Dr. Chandler lived too busy a life to have much time for authorship, and I am not aware that he wrote anything for publication except an occasional paper read before this Society.Pardon me, gentlemen of the Medical Society, for a few words in conclusion, which may seem too personal and out of place in a formal obituary notice. I first became acquainted with Dr.

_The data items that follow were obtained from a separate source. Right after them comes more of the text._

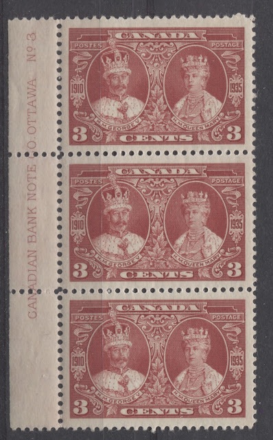 The 1935 Silver Jubilee Issue, which commemorated the 25th anniversary of King George V's accession to the throne, was the first to be produced by the CBN. It is a very pretty, well designed set, that offers some nice opportunities for the specialist looking to form a smaller, more focused collection. There are not a lot of paper varieties, or shades, or plate flaws. However, there are a decent number of plate blocks, imperfs, and proofs, as well as OHMS perfins to challenge you. The real challenge though lies in the plate proof cross gutter blocks, of which only two sets are reported to exist, and can set you back over $17,500!
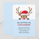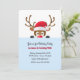 An adorable invitation to a Christmas Season birthday party. The card features a reindeer wearing Santa's cap peeking over a soft-blue edge. (<a href="https://www.freepik.com/free-vector/reindeer-in-santa-hat-peeping-out_1430479.htm">Designed by Freepik</a>). <br/><br/>The card is easy to customize with your wording, font andfont color.<br/><br/>Not exactly what you're looking for? All our products can be custom designed to meet your needs at no extra charge.<br/><br/>Simply contact us at askcottonlamb@gmail.com.<br/><br/>Coordinating products available: Just ask us!
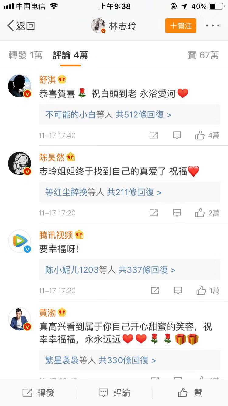 评论区大多人还是表示祝福,希望他们两人能够长长久久。除了粉丝之外,舒淇、黄渤也是第一时间送上祝福,希望他们白头到老,永浴爱河。还有很多大V博主、各大平台官微也陆续前来送上自己的祝福。

Chandler when he came into the field with his regiment, in the late fall of 1861, but from that time on we were much thrown together; we camped on the same cold and soaking ground; we marched through nights seemingly interminable, when human endurance was stretched to its utmost; we walked through the same miasmatic swamps, and rivers of mud ; we were near each other in the same shower of hissing bullets, and screaming shells; during the horrid nights after the battles we worked together among the same crowds of mangled and dying humanity ; we toiled side by side for many long days among the festering and gangrenous wounds of the soldiers hastily gathered up from the battle fields or famishing in the enemy's lines ; and we were together among the fevered and infected sick, in the more permanent hospitals. Will you wonder then, that "the flood of thoughts rushing o'er me" prevents adequate expression by words? He had become to me more than a brother.
Source: Transactions of the Vermont State Medical Society, for the year 1889 (R. S. Styles' Book and Job Printing House, Burlington, 1890), pp. 89-91.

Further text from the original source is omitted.